So, let me define for you the unforgivable sin: it is the ongoing and continual rejection of the witness of the Holy Spirit to Jesus Christ as Saviour and God. That is the eternal sin. It is constant resistance to the grace and mercy of God. It is a stubborn fixed opposition to Jesus which expresses itself in treating him as a great evil in our lives. It is the wickedness of dismissing conversion to Christ and obedience to him as Lord as the ultimate folly. That sort of thing is the eternal sin.
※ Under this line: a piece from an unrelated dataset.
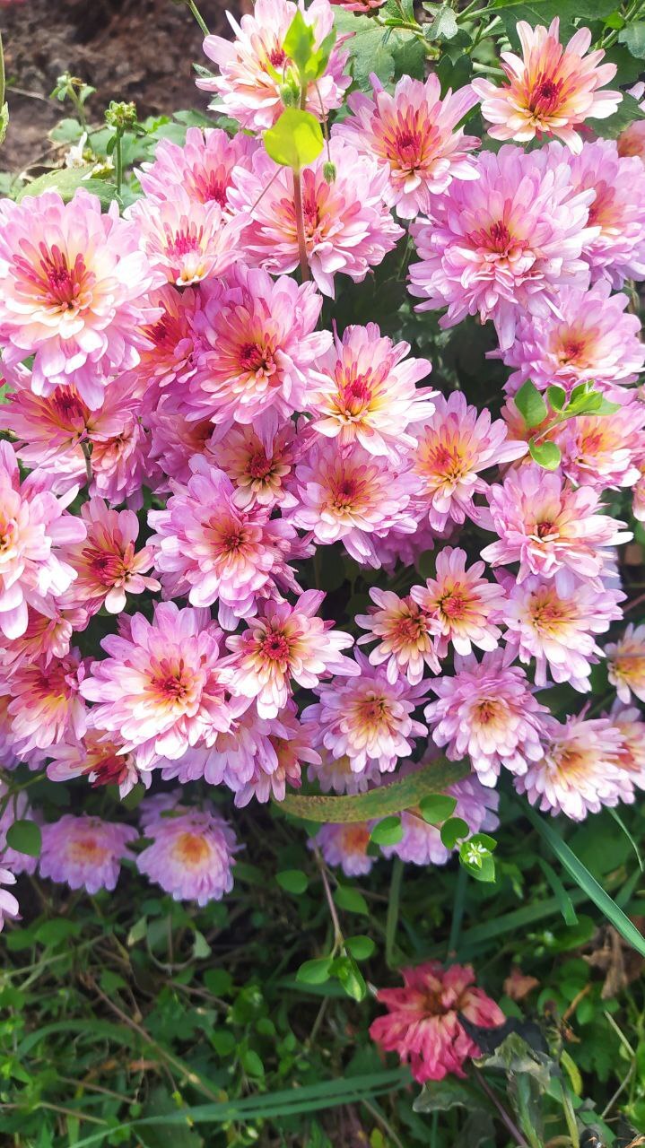 Формирует плотный куст нежно-розовых соцветий с более темной серединой.

Think of Ananias and Sapphira. Here were a husband and wife who were amongst the first Christians to join the church after Pentecost. They had Peter and John as their pastors. There was a wonderful work of the Spirit of God going on in the city of Jerusalem with thousands of new converts. There was deep love amongst the brethren, and glorious preaching. You would think that no one in such days could get near to committing the unforgivable sin, but Ananias and Sapphira did. They sought a name for generosity by selling their land and saying that they had given everything to the church, but they had lied. They kept a sizable chunk of the proceeds in their pockets. They lied publicly before the representatives of Christ, who were the apostles. Peter’s words to Ananias were these, “How is it that Satan has so filled your heart that you have lied to the Holy Spirit? . . . You have not lied to men but to God” (Acts 5:3). We are told that Ananias heard those words and fell down dead and so did his wife a little later. It was a warning to the whole church not take for granted the privileges of the ministry of the Holy Spirit, and to speak with integrity and judgment day honesty as the members of Christ to the representatives of Christ.
There was a man at the time of the reformation called Fritz Spiera, a contemporary of Luther and Calvin. He was someone who began so well, impressed by evangelical Christians, he began to study the Scriptures himself and to believe upon Jesus Christ. He told others of his new joy in Jesus. He kept his membership in the Roman Catholic church but when they discovered what he believed they brought charges against him that he was undermining the authority of the pope. He had to chose between dying in agony at a stake being burned alive or withdrawing his statements. He recanted and told the Roman church and his Protestant friends that he had given up his Bible doctrines and faith in Christ. He lived in agony for the next five years; there was no hope for someone like himself, he believed, because he had committed the unforgivable sin against the Spirit. No one could comfort him, and many people thought that his sorrow was like that of Judas Iscariot. He became infamous for what he had done. John Calvin wrote to help him and Calvin also wrote to Christians in Germany, France and Italy about him. The Puritans often used his sad end as an illustration of the eternal sin.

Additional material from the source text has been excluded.